_Problem_.
In the records below, the relevant part opens with the line containing "The Bubble Gun" and closes with the line containing "電器櫃【台灣製】白色(寬58公分)Cupboards & Cabinets天空樹生活館-日系傢俱/生活小物"; print that part exactly and only, without its pictures.

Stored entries
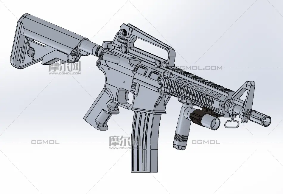 MK18步枪, 该作品由作者(机械大攻城狮)上传发布。 文件格式有:stp, 建议使用solidworks2018等软件打开。文件大小: 4.84MB
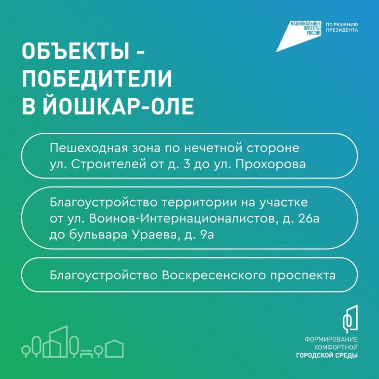 В Йошкар-Оле определили победителей в голосовании по благоустройству в 2026 году.
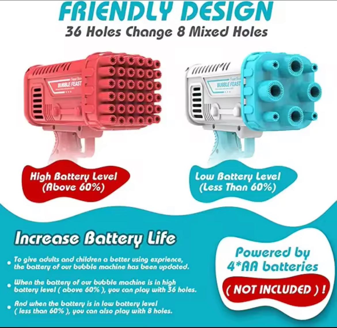 The Bubble Gun 32-Hole Machine is designed with precision to ensure a smooth, powerful, and consistent bubble flow. Simply dip the gun head into the included bubble liquid and press the button — within moments, you’ll have a continuous stream of bright, floating bubbles filling the air. The built-in motor works efficiently while staying quiet, making it enjoyable for children without startling them.
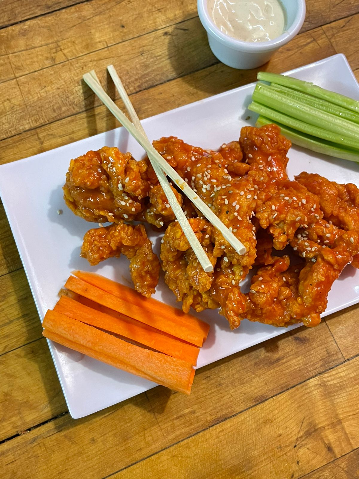 Boneless en salsa de tu preferencia acompañados de zanahoria, apio y aderezo ranch
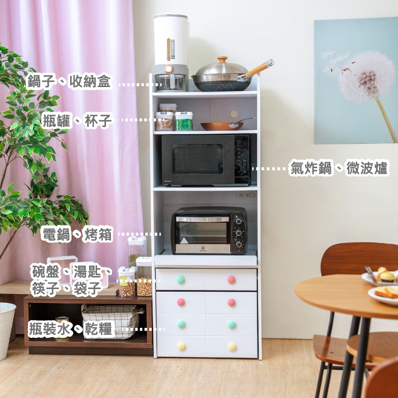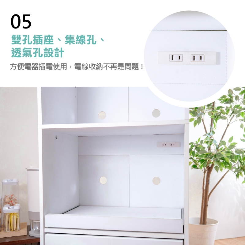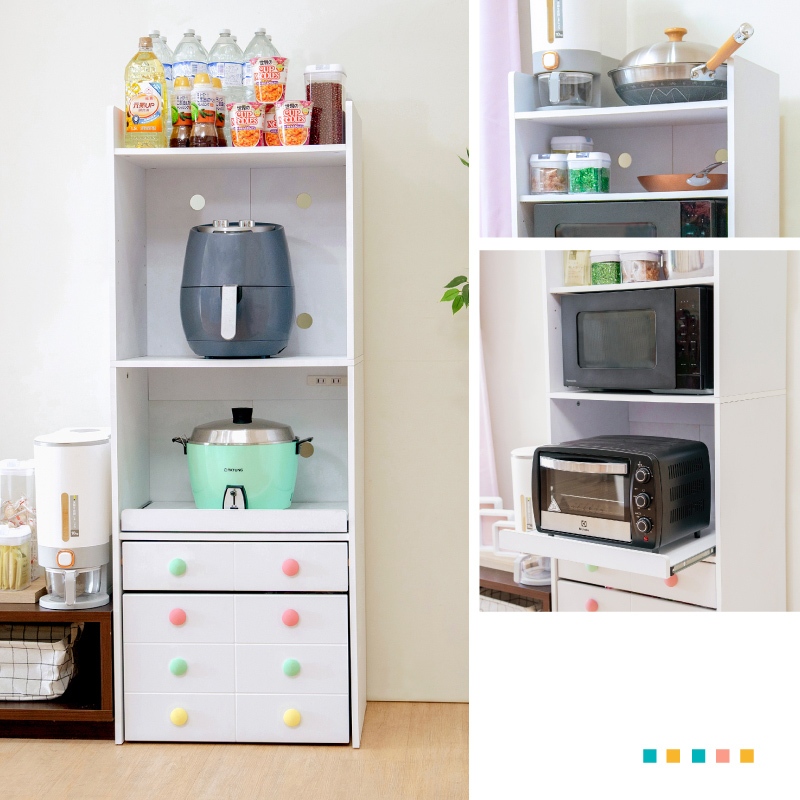 【天空樹生活館】馬卡龍廚房收納櫃(寬58公分-附插座) 收納櫃 櫥櫃 碗櫥櫃 廚櫃 電器櫃【台灣製】白色(寬58公分)Cupboards & Cabinets天空樹生活館-日系傢俱/生活小物
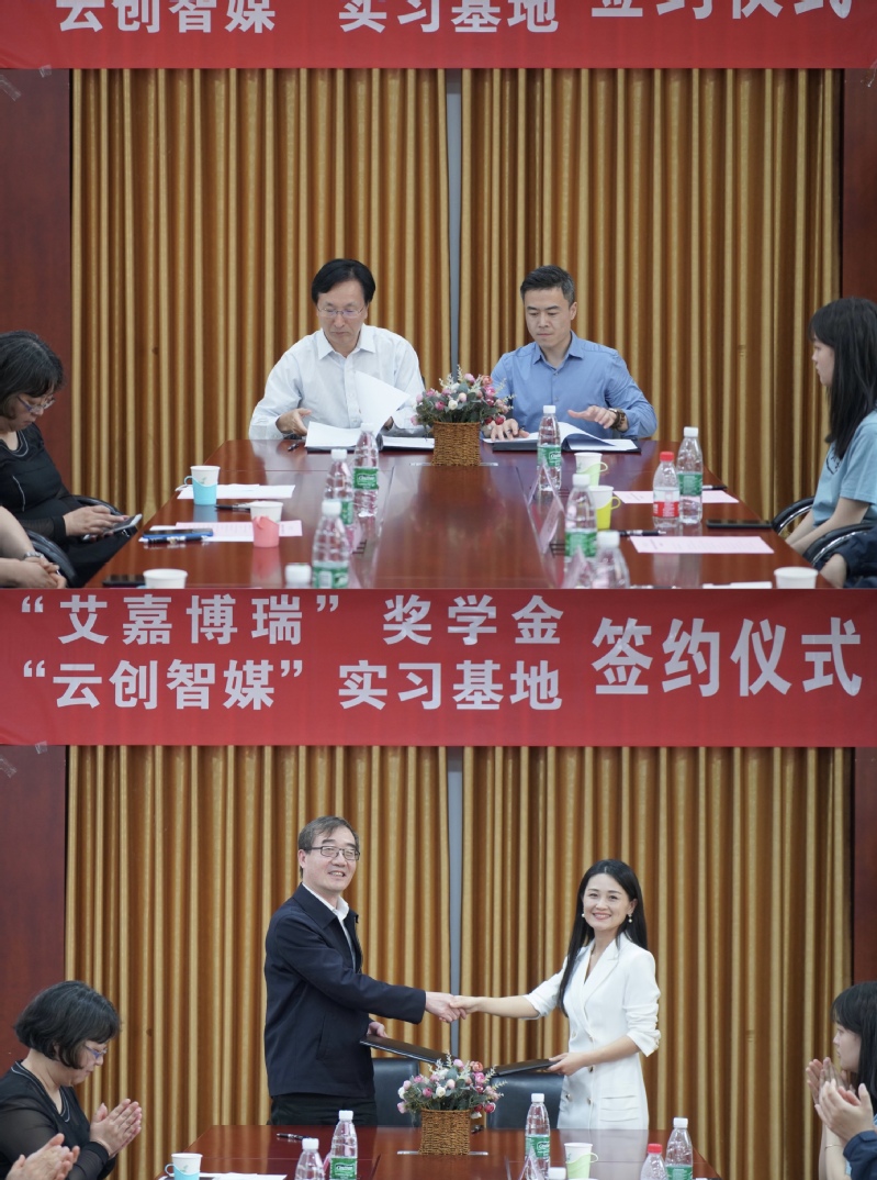 (通讯员 游玉栋 魏艳阳 摄影 张天艺)5月11日下午,“艾嘉博瑞”奖学金暨“云创智媒”实习基地签约仪式在2026世界杯官方合作网站主楼103会议室举行。艾嘉博瑞系统技术有限公司总经理董甦柏、云创智媒科技有限公司CEO高然等,2026世界杯官方合作网站经理刘剑波、党委书记李增瑞、副经理金立标、副经理章文辉、党委副书记钟丹丹等出席续签仪式。

_Written solution_.
 The Bubble Gun 32-Hole Machine is designed with precision to ensure a smooth, powerful, and consistent bubble flow. Simply dip the gun head into the included bubble liquid and press the button — within moments, you’ll have a continuous stream of bright, floating bubbles filling the air. The built-in motor works efficiently while staying quiet, making it enjoyable for children without startling them.
 Boneless en salsa de tu preferencia acompañados de zanahoria, apio y aderezo ranch
 【天空樹生活館】馬卡龍廚房收納櫃(寬58公分-附插座) 收納櫃 櫥櫃 碗櫥櫃 廚櫃 電器櫃【台灣製】白色(寬58公分)Cupboards & Cabinets天空樹生活館-日系傢俱/生活小物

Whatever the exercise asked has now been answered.